Судя по всему, сегодня около десяти утра я смогу сожрать еще пару трикоинов и зарядить еще два уже знакомых заклинания. И всего у меня будет восемь заклинаний. Неплохо, очень неплохо.

С восемью заклинаниями можно провернуть много интересных дел, было бы желание. А у меня желание было.

— Последний вопрос, — обратился я к Глубине, покончив с подсчётами своей мощи, — Вы знаете, что это?

Я вынул из кармана трикоин из хазарской оливы, тот самый, который мне перед смертью отдало Чудовище.

Трикоин Глубину не ничем не удивил и бурных эмоций не вызвал.

— А вы сами не видите? — ответил вопросом на вопрос князь, — Это трикоин. Из хазарской оливы, давно уже вымершего дерева. Откуда он у вас? А, понимаю… Можете не отвечать.

— Именно оттуда, — подтвердил я, — Какова его ценность?

— Ценность в рублях наверное высокая, если это не подделка, — пожал плечами Глубина, — Коллекционеры редких трикоинов наверняка вам дадут за него сотню тысяч, а то и больше. А практическая ценность для мага — нулевая.

Если вы привяжете к хазарской оливе заклинание, то просто больше никогда не сможете это заклинание кастовать. Потому что в мире трикоинов из хазарской оливы больше нет, так что зарядить это заклинание вам будет нечем. А поменять древесную породу, к которой привязано конкретное заклинание, нельзя. Такого ни один маг не умеет.

— Спасибо, — кивнул я, — Так и думал. Да, я вроде должен вам денег, князь? Я держу свое слово. Пятьсот рублей за консультацию. И еще тысячу двести за трикоины.

Я достал бумажник, подаренный мне голландцем, отсчитал нужную сумму и положил банкноты Глубине на стол.

Разумеется, Ван Дер Верф не одолжил мне сто тысяч рублей. Он не одолжил мне ни восемьдесят, ни даже семьдесят тысяч. А вот шестьдесят тысяч одолжил, оторвав их от сердца, как выразился сам голландец.

Так что деньжата у меня водились.

— Вижу, вы освоились и начали зарабатывать, — сухо произнёс Глубина, — В таком случае напомню, что вы мне должны миллион, Нагибин. И вот эти гроши, которые вы мне швырнули — это плата за мои услуги, она не идет в счет погашения долга.

— Само собой, — согласился я.

— Так что вы намерены делать дальше, Нагибин?

— Лучше вам не знать.

Я вежливо поклонился Глубине и покинул обиталище князя.

Глава 43. Арладаар

«В чем тайный смысл инструментов, братья?

Это будет открыто лишь мастерам-лесничим, достигшим седьмых градусов.

Тогда откроются глаза их, и узрят они духовную сущность инструментов.

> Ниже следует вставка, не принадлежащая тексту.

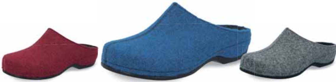
01025-258 dunkelrot • Filz dark red • felt rouge foncé • feutre
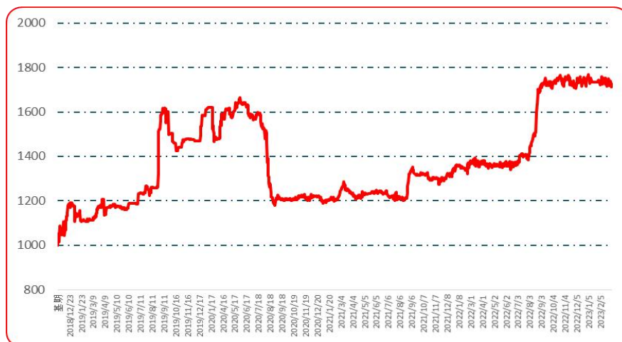
图 3 艳椒批发价格指数运行图
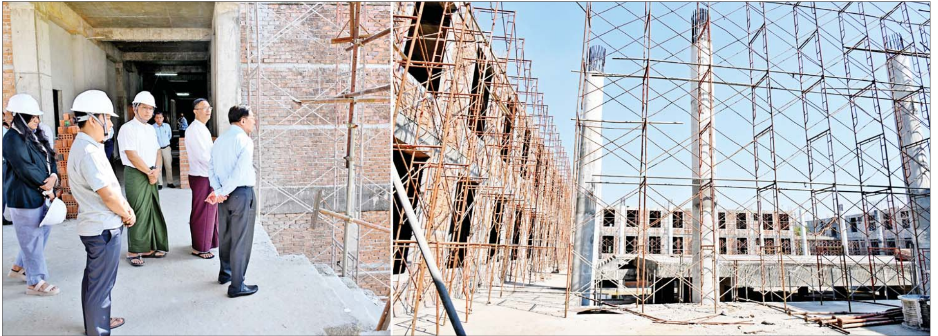
နိုင်ငံတော်စီမံအုပ်ချုပ်ရေးကောင်စီဥက္ကဋ္ဌ နိုင်ငံတော်ဝန်ကြီးချုပ် ဗိုလ်ချုပ်မှူးကြီးမင်းအောင်လှိုင် ရန်ကုန်အနောက်ပိုင်းနည်းပညာတက္ကသိုလ်အတွင်း ကြည့်ရှုစစ်ဆေးစဉ်။

»» စာမျက်နှာ ၄ မှ ဖွင့်လှစ်ပေးခဲ့ကြောင်း၊ သို့သော် အချို့တက္ကသိုလ်များ၌ ပညာသင်ကြားမှုများ နည်းပါးသည်ကိုတွေ့ရသဖြင့် မိမိတို့နိုင်ငံအတွက် အဓိကလိုအပ်သည့် ဘာသာရပ်များနှင့် မဖြစ်မနေသင်ကြားရမည့် သာသနာ့ရပ်များကို ဦးစားပေးသင်ကြားပေးနိုင်ရေး ဆောင်ရွက်ပေးခဲ့ကြောင်း၊ မိမိအနေဖြင့် ကွန်ပျူတာတက္ကသိုလ်နှင့် နည်းပညာတက္ကသိုလ်များကို ပိုမိုကျယ်ပြန့်သည့် သင်ကြားသင်ယူမှုနယ်ပယ်များ ထည့်သွင်းဆောင်ရွက်နိုင်သော Polytechnic University များအဖြစ် ဆောင်ရွက်နိုင်ရေး ဆွေးနွေးဆောင်ရွက်ခဲ့ကြောင်း၊ နိုင်ငံတော်၏ ပညာရေးလိုအပ်ချက်ကို ဖြည့်ဆည်းပေးနိုင်ရန်အတွက် ပညာရှင်များနှင့် ဆွေးနွေးဆောင်ရွက်သွားရမည်ဖြစ်ကြောင်း။ မိမိတို့နိုင်ငံသည် စိုက်ပျိုးရေးနှင့် မွေးမြူရေးကို အဓိကဆောင်ရွက်သည့် နိုင်ငံဖြစ်သော်လည်း စိုက်ပျိုးမွေးမြူရေး ပညာရှင်များ မွေးထုတ်ပေးနိုင်သည့် တက္ကသိုလ်နည်းပါးကြောင်း၊ ထို့ကြောင့်
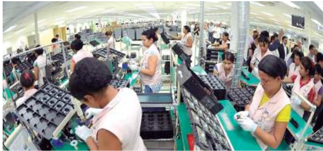
Samsung anunciou que irá antecipar as férias coletivas de parte dos colaboradores

Estatísticas apontam que aproximadamente 35 empresas do Polo Industrial de Manaus (PIM), irão aderir à medida. Conforme especialista, a medida pode preservar empregos,
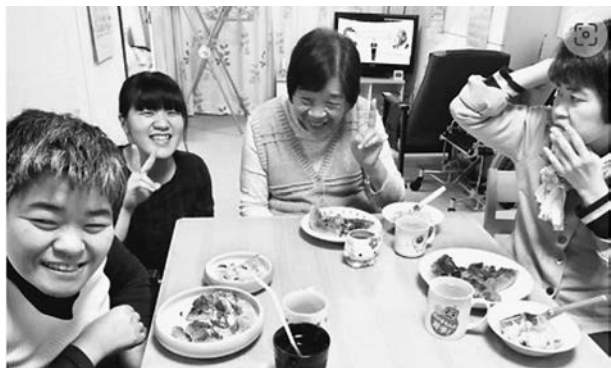
写真5 創思苑グループホームの暮らし

することができなかつた人も、グループホームに住んで徐々に落ち着いて生活できるようになっている。その行動がどのような時に、なぜ起きるのかを見極めることで解決の糸口がつかめる。ある当事者には「大丈夫？」と声をかけると落ち着くことがわかり、不安な気持ちや背景にあることがわかった。そこで、知恵を出し合って、落ち着いて暮らせる環境を作っていた。
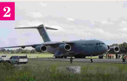
న్యూఢిల్లీ: అగ్రరాజ్యం అమెరికాలో అక్రమ వలసలపై ట్రంప్ సర్కార్ కఠిన చర్యల్లో భాగంగా భారత్ కు చెందిన 104 మందిని స్వదేశానికి పంపింది. భారతీయులతో కెన్యాకు నుంచి బయలుదేరిన యూఎస్ మిలటరీ సీ-17 ట్రాన్స్పోర్ట్ ఎయిర్క్రాఫ్ట్ బుధవారం మధ్యాహ్నం మంజూర్ లోని అమ్మకాన్ అంతర్జాతీయ విమానాశ్రయానికి చేరుకుంది. వీరంతా, పంజాబ్, చుట్టూపక్కల రాష్ట్రాలకు చెందిన వారిగా తెలుస్తోంది.
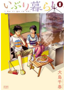
「いぶり暮らし」 ©大島千春/コアミックス
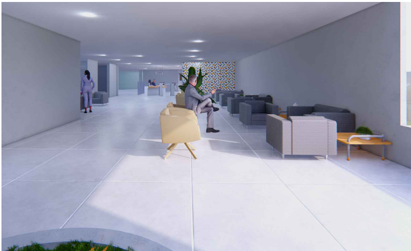
VISTA 4 - ÁREA DE ESPERA
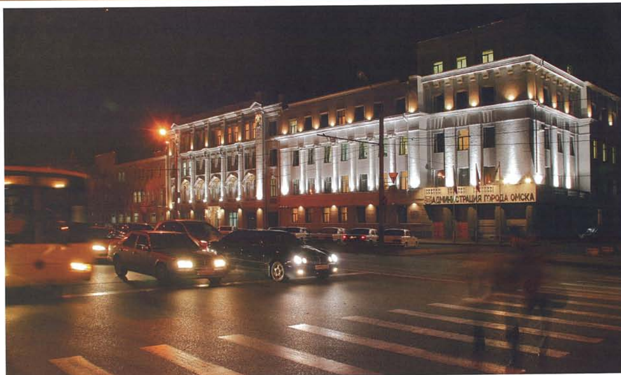
Администрация города Омска
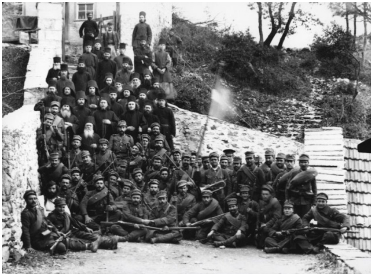
Ο ελληνικός στρατός στη Κερασιά
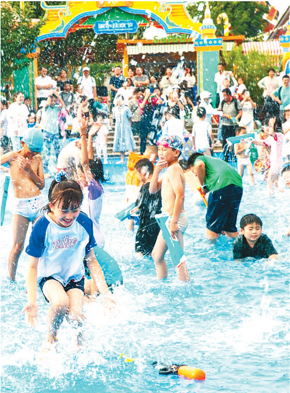
荆州亲水消暑旅游项目吸引了众多游客。

如今，千年古城的夏夜，被文旅消费的热浪浸染出崭新光晕。 暑期是文旅的黄金窗口期。荆州推出“荆彩夏日 惠游荆州”活动，其中惠民政策包括：发行荆州方特、荆州古城、楚王车马阵三大景区联票，票价299元；面向2025级荆州高校新生发放“文旅体验卡”，可免费游览全市A级景区；对旅行社组织包含2个及以上核心景区的旅游线路给予政策补贴。 荆州市文旅局数据显示：三大景区联票售出15万套，450万元消费补贴撬动3.2亿元市场增量。 此外，一些小细节也颇为暖心：荆州博物馆延长开放时间并增设休息区藤椅、直饮水点和防暑药品；荆州古城景区在宾阳楼步道安装喷雾降温设备，并在城楼区域放置冰块辅助降温；全市28家A级景区提供行李寄存服务；同时开放中心城区137个纳凉点。 当宾阳楼的雾化系统喷出彩虹，当电音节的水幕映出楚凤纹样，当小龙虾红油在漆器餐盘里荡漾——这座穿越千年历史的古城，正展现城市的活力与“荆”彩。
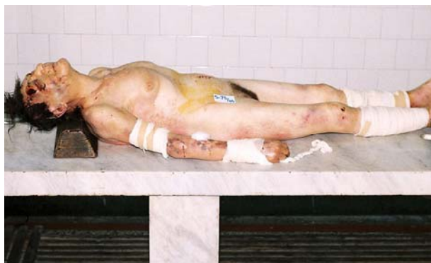
Slika 4. Višestruke povrede glave i tela pok. PM

Mikroskopskim pregledom sadržaja brisom uzetog iz vagine nisu nadjeni spermatozoidi.
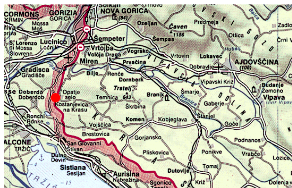
Slika 1. Geografska lega meteorološke postaje Opatje selo

A gencija RS za okolje ima eno izmed padavinskih meteoroloških postaj tudi v Opatjem selu. Opatje selo je naselje v jugozahodnem delu Slovenije, na zahodnem delu Komenskega Krasa, ob meji z Italijo.
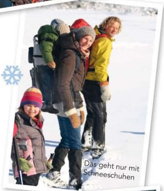
Das geht nur mit Schneeschuhen
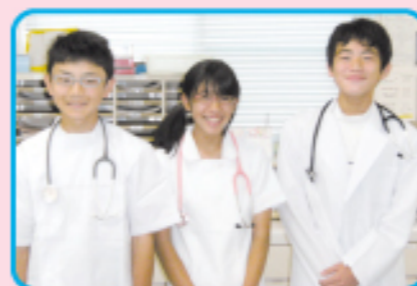
未来のドクターとナース

上京中学校の生徒さん3名が今年も当院へ職場体験に来られました。短い期間でしたが、看護師さん指導のもといきいきと体験されていました。
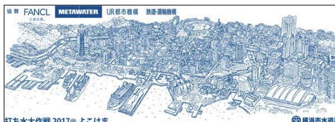
打ち水大作戦 2017@よこはま オリジナル手ぬぐい

ご参加いただいた方に開催場所の入ったオリジナル手ぬぐいの他、お子様には 色鉛筆、メモ帳など両機構のグッズもプレゼント。
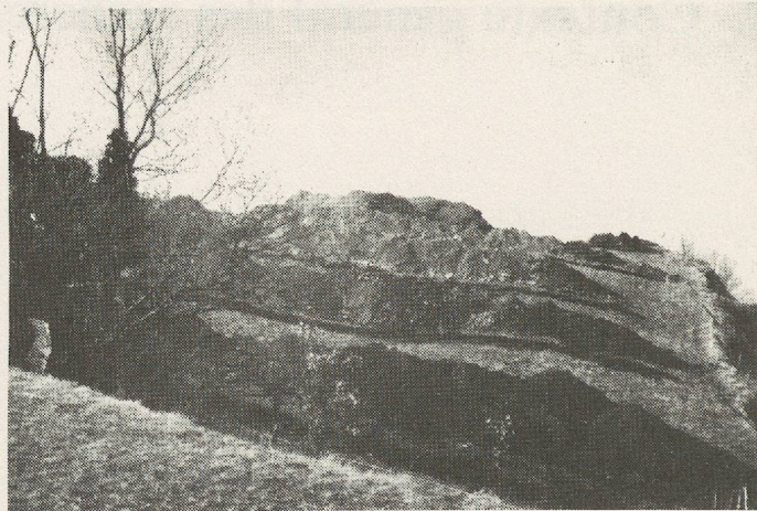
Fig. 2 St-Triphon, Le Lessus. Chantier C/1972. Vue du nord-est. Tranchées E (au premier plan) à B (voir fig. 12).

profil, avaient été emportés par la machine avant l'intervention des archéologues ( chantier A );

И познают, что кусторез — есть внутреннее ограничение, делающее магию благородной и подчиняющее её воле Благородного. Воплощенное благородство магии и её носителя есть кусторез.

Что есть карта леса? Карта леса есть духовный путь к вершинам. Наставничество, но не человека-учителя, а самой магии. Владелец карты всегда находит путь к Истине, братья-лесничие.

Что есть корень? Корень есть зачин магии и добра в сердце мага. Корень есть источник всех вещей, родник магии.

И синтез смыслов инструментов будет не только их суммой, но новым смыслом! И осознание его будет подобно молнии в ночном небе.

Познавший смысл инструментов никогда не свернет с пути Блага и Добра, братья!»

Из Тайного устава регулярной масонской ложи

Лондон, XIV век

В подвал Галереи я вернулся уставшим, задолбавшимся и в чужом мундире, подаренным мне Ван дер Верфом.

Хотелось завалиться спать, но сегодня ночью мне предстояла еще целая уйма дел. В два часа ночи у меня была назначена встреча с Головиной, которая что-то задумала.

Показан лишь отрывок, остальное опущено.